All datasets were processed using the MAS5 algorithm implemented in R [43] and scaled to a trimmed mean value of 500. Expression values across technical replicates were averaged for lung tumors, brain normal, kidney normal and ovary normal samples. All arrays were normalized using a quantile normalization algorithm [44]. Finally, data was log 2 transformed prior to analysis.

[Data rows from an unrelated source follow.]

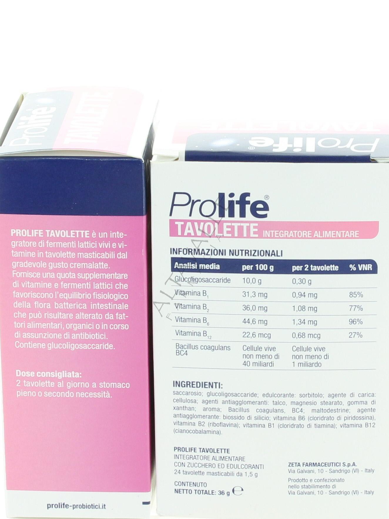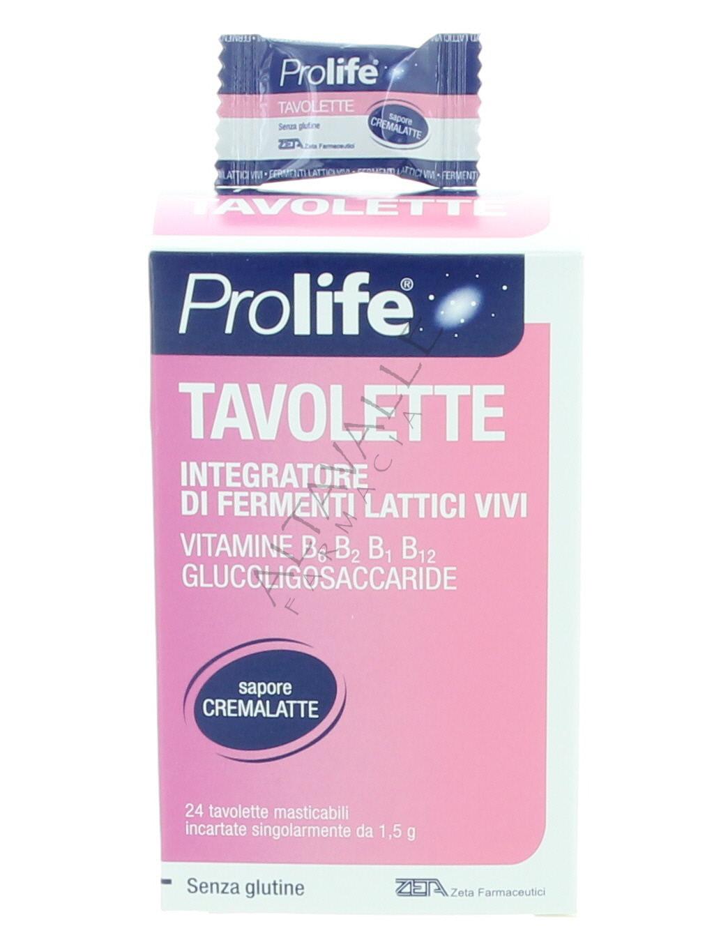 Prolife Tavolette è un integratore di fermenti lattici vivi e Vitamine del gruppo B, Glucoligosaccaride;
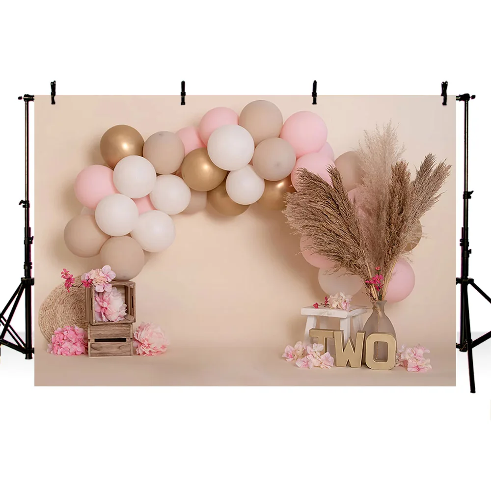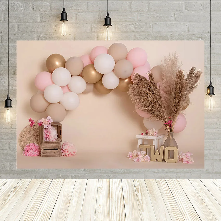 Avezano розовые воздушные шары девушка 2-й день рождения фон для фотографии богемный цветок тростник торт разбивать фон фото студия реквизит
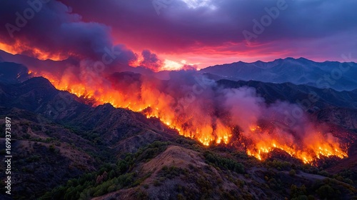 Aerial view of massive wildfire with smoke concept. A dramatic wildfire engulfing a mountain landscape at dusk.
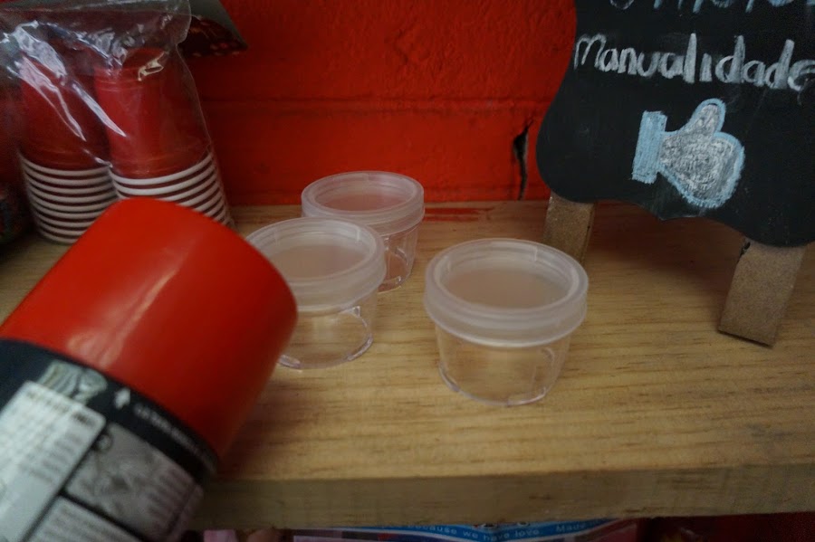 -Envases de plástico trasparentes, yo los conseguí en una tienda de venta de telas muy famosa en México con su lógo de color rojo.

Classification of Membranome genes

A semi-automated procedure was applied to identify the human Membranome, here defined as the ensemble of all human genes coding for proteins integral to or covalently associated with the plasma membrane, All human genes reported in the NCBI CCDS database (NCBI Build 37.1) [45]–[46] were surveyed using a combined analysis of the available Gene Ontology annotations [20] and the results of the Phobius algorithm for the prediction of trans-membrane domains and signal peptides [21]. The list of membrane protein genes thus created was manually revised to exclude proteins localized in intracellular compartments (false positives) and to include additional membrane-associated proteins known from literature (false negatives). These proteins were initially not included by the automated analysis because of missing annotation and/or lack of transmembrane domains, for example GPI–anchored proteins.

Classification Analysis

To compute the ‘discriminative power’ of Membranome and Not-Membranome genes the PAM method (“Prediction Analysis of Microarrays”, PAM) [47] was applied to classify samples according to their tissue of origin. PAM is based on nearest shrunken centroids classification and builds a classifier by identifying those genes that best characterize each group of samples. The size of the gene list used as the classifier, and the corresponding misclassification rate, depend on the shrinkage parameter Δ provided as input. PAM was run independently on primary tumors and cell lines using gene lists of decreasing sizes. Parallel analyses were performed using equally sized lists of Membranome and Not-Membranome genes, randomly chosen. For each list size (and therefore for each value of Δ) the analysis was run 1.000 times and the results of misclassification were averaged.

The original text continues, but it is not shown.